# Ozik grinders



## Zeak (Jun 12, 2017)

Surprised there wasn't a thread on these.

Never heard of them but all 3 models (not yet released) are looking promising:

"All": conical 83mm and flat 80mm SSP in One - Body
"Bold" :98mm flat SSP burrs
"Column": 80mm ssp burrs

A few photos from their Instagram. Also they have a (slightly cryptic) website. Found it via this thread on HB. Gotta say, premium SD grinder market is getting hotter by the day. That twin model is pretty bonkers. Also, they have some patent pending industry-first maglev technology to position the burrs 🤷‍♂️


----------



## mctrials23 (May 8, 2017)

They look lovely IMO but they have been asked a lot about some sort of pricing estimate and have been completely silent on it. I imagine they are going to be monolith money. Perhaps more.


----------



## DavecUK (Aug 6, 2013)

Liking the look of those grinders a lot....the burrs as well!


----------



## M_H_S (Jun 6, 2018)

Very EG1esque. Yes likely the prices will be equivalent to LW and Monolith. Exciting design though.

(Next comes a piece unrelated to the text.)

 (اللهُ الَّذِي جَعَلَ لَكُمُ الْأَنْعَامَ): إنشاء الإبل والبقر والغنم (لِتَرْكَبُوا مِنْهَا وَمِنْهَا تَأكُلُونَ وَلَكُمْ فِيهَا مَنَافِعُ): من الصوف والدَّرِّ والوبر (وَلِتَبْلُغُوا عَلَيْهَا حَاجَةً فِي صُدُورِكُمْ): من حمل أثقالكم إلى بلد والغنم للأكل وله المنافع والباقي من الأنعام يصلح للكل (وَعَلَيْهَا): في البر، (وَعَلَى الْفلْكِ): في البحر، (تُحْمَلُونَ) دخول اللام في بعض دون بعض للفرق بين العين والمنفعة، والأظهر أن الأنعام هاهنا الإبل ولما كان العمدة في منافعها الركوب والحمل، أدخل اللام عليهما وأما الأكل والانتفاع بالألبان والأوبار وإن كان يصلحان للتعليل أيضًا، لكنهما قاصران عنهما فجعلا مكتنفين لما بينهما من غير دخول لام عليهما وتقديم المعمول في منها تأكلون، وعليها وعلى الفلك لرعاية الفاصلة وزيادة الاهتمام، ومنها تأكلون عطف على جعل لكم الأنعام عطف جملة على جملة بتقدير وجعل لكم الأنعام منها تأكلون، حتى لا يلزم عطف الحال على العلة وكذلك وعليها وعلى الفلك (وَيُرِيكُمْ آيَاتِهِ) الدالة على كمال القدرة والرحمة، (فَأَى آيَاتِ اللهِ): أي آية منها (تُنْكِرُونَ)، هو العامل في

Sent from my SM-G950F using Tapatalk


----------



## malling (Dec 8, 2014)

M_H_S said:


> Very EG1esque. Yes likely the prices will be equivalent to LW and Monolith. Exciting design though.
> 
> Sent from my SM-G950F using Tapatalk


 I don't expect them to be nearly as expensive, these are not made in USA and Europe so the cost of manufacturing should be lower, meaning Ozik should be able to launch them at a competitive price.


----------



## Power Freak (Dec 14, 2018)

malling said:


> I don't expect them to be nearly as expensive, these are not made in USA and Europe so the cost of manufacturing should be lower, meaning Ozik should be able to launch them at a competitive price.


 Lyn Weber's stuff isn't made in the US/Europe either... (Taiwan I believe)


----------



## Marocchino (May 1, 2019)

Power Freak said:


> Lyn Weber's stuff isn't made in the US/Europe either... (Taiwan I believe)

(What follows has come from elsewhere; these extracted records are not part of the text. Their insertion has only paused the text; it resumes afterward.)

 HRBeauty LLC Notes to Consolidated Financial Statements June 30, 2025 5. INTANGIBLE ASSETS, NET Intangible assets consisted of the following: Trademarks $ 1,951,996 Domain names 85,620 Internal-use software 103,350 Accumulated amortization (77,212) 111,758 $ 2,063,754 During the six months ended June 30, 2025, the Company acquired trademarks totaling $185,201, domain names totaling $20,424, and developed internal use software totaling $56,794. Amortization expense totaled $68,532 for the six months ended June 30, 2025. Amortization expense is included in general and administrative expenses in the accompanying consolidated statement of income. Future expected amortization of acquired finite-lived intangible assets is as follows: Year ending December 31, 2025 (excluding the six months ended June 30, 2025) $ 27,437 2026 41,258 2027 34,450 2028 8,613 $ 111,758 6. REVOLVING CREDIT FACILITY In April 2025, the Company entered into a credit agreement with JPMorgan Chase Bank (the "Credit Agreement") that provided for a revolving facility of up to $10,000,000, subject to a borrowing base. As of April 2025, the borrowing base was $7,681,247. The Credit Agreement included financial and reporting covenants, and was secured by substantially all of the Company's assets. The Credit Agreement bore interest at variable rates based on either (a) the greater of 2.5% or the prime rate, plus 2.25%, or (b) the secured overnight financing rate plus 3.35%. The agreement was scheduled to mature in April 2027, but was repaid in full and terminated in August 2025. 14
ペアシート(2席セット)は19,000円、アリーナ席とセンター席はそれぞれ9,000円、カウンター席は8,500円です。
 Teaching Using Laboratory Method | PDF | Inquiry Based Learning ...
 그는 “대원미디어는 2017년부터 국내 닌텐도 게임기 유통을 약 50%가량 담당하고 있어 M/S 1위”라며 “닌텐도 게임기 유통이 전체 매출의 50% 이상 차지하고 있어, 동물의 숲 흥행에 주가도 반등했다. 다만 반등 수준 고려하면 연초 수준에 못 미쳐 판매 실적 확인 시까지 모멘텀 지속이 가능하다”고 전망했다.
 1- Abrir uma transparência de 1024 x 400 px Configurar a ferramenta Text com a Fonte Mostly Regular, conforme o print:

 My LW mirror was mailed directly from Taiwan!


----------



## mctrials23 (May 8, 2017)

Nothing about these grinders says anything other than ultra-premium. The design, fit and finish and complete lack of any indication on pricing points to a price tag that might beat LW or Monolith. I would love to be wrong but I doubt it.


----------



## hotmetal (Oct 31, 2013)

They sound and look fantastic, but I suspect the old saying "if you have to ask the price, sir..." will apply! I'm sure they'll be Kafatek or Levercraft money.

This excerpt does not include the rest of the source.